The Big 10, in particular, used to be both an athletic association and an academic one, sharing resources between their members, (almost) all AAU members (leading research universities). This year they had the chance to add Stanford and Cal to the academic association, and share their resources. And they turned them down, because the Bay Area college football market isn't big enough. The story I read said Fox Sports, the Big 10's main broadcast partner, made the decision. They had the chance to add Stanford and Cal to their academic association, and said no - if you restrict yourself to universities which compete in major college sports, you will never get a better opportunity.

For generations, college football avoided this absurdity. Long ago, maybe eight years ago, there was a crazy notion of people working together, cooperating for a greater good. Why do that? Because it was good, and because they could accomplish more by working together than by acting in anarchy. People now embrace law-of-the-jungle anarchy like it's a rebellious trend, instead of just well-established idiocy. The NCAA members could work together to make it better; they could arrange conferences so that they work for everyone, without students flying across the country; but what was the norm for generations is now so obviously absurd that people roll their eyes at me.

What was the norm for generations was and has always been laughable. College football has been a cancer for academia, at first fed by the deep pockets of alumni who were the real audience. The business side grew up and realized that tv rights were an even bigger prize, but along the way somehow failed to recognize that they were greasing the wheels of their money machine with the distant hopes of a pro career held by academically underqualified students with athletic gifts, most of whom either fail to get a diploma, succeed in getting long term injuries, or both. The university priorities get turned upside down and season-winning coaches win the compensation lottery too.

It’s disgusting and always has been. Gooooo fighting whatevers!

I agree about the long-term problems (and I'm very happy the students are finally getting paid, and they should get normal market salaries), but it's still much worse now.
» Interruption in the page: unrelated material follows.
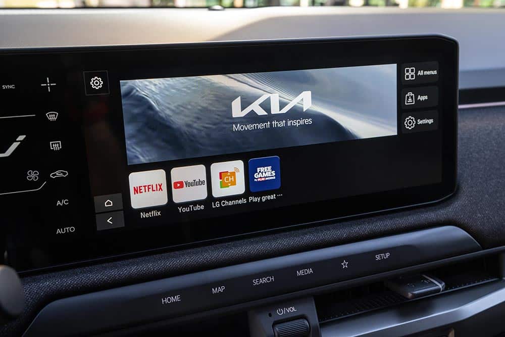 Ιδιαίτερα μοντέρνο παρουσιάζεται και το εσωτερικό του νέου Kia EV3, όπου έχει δοθεί έμφαση στη λειτουργικότητα και στους διαθέσιμους χώρους. Μια πανοραμική ενιαία οθόνη σχεδόν 30 ιντσών αποτελείται από τον πίνακα οργάνων 12,3 ιντσών, την οθόνη 5,0 ιντσών για το σύστημα κλιματισμού και την οθόνη 12,3 ιντσών για το infotainment. Ο οδηγός δεν μπερδεύεται αφού όλες οι πληροφορίες και λειτουργίες είναι σωστά τακτοποιημένες με σαφή γραφικά. Πρόσθετα, το Head-up Display των 12 ιντσών προβάλλει πληροφορίες στο παρμπρίζ για να ελαχιστοποιήσει την απόσπαση της προσοχής του οδηγού. Επίσης, το EV3 είναι το πρώτο ηλεκτρικό μοντέλο που διαθέτει την τεχνολογία AI Assistant της Kia, παρέχοντας νέους και καινοτόμους τρόπους αλληλεπίδρασης και ελέγχου των λειτουργιών του αυτοκινήτου τους, άμεσα και διαισθητικά. Το ταμπλό έχει «καθαρό» σχεδιασμό χωρίς ανώφελα στοιχεία εντυπωσιασμού, γεγονός που δημιουργεί ένα ακόμα πιο φιλικό περιβάλλον προς τους επιβάτες και τους κάνει να νιώθουν όμορφα. Η κομψή κεντρική κονσόλα ενσωματώνει ένα συρόμενο τραπεζάκι, το υποβραχιόνιο και αποθηκευτικό χώρο στο κάτω μέρος.

It's too easy to say, 'everything in the world in imperfect, and therefore all the same'.
Fair enough. I don't care about college football, and I see it from a distance. That might give me a less accurate perspective, or a more accurate one, depending.

But large-scale situations result from norms, incentives and behaviors. Looks like the incentives are about the same, while the behaviors are now worse and are causing norms to drift. We can shame people into better behavior in the short term, but the incentives are still there.

As a thought, faith has been lost in institutions, and society in general, and rightly so in many respects. But I think instead of feeling agency to fix the issues, people feel they have to either capitulate, break the system or work outside it entirely.

I feel we forget, or don't teach, the fact that we built all of this, and for the purpose of our own benefit. Society and institutions have become antagonists in people's minds, rather than the enabler and provider that it is supposed to be.

> faith has been lost in institutions, and society in general, and rightly so in many respects. But I think instead of feeling agency to fix the issues, people feel they have to either capitulate, break the system or work outside it entirely.

Yes, but it's bizarre to feel so hopeless. In this example, it worked (and we worked) far better for decades until a few years ago.

Broadly speaking, it is illegal to fix things. If there is a problem that could be fixed with industrial processes, it is a common requirement that any attempt cause no pollution and be perfectly safe. If there is a problem in the medical system any attempt at a solution must be proven to be safe and effective. If there is a social problem, any scandal will have the government move in to license and regulate it. Something like 2 or 3 accidents ended the entire nuclear industry through safety regulation even though we then sailed into an energy crisis that has so far been much worse than a dozen nuclear disasters.

It is obvious why the system is tending in this direction, but the problem is that society is trying to achieve impossible goals. So it isn't succeeding and it has disarmed people of the agency to make improvements. My catchphrase is "everything China does to get ahead is illegal in the west". And that isn't a knock against Chinese methods. They have noticeably bettered their society in a way that the Anglosphere has not.

Yet we have been doing it successfully for generations. And then people started making up theories to explain what clearly isn't true - that we somehow can't do anything. You're just not doing anything (if you actually believe this stuff). We know exactly what to do; let's get going.

> They have noticeably bettered their society in a way that the Anglosphere has not.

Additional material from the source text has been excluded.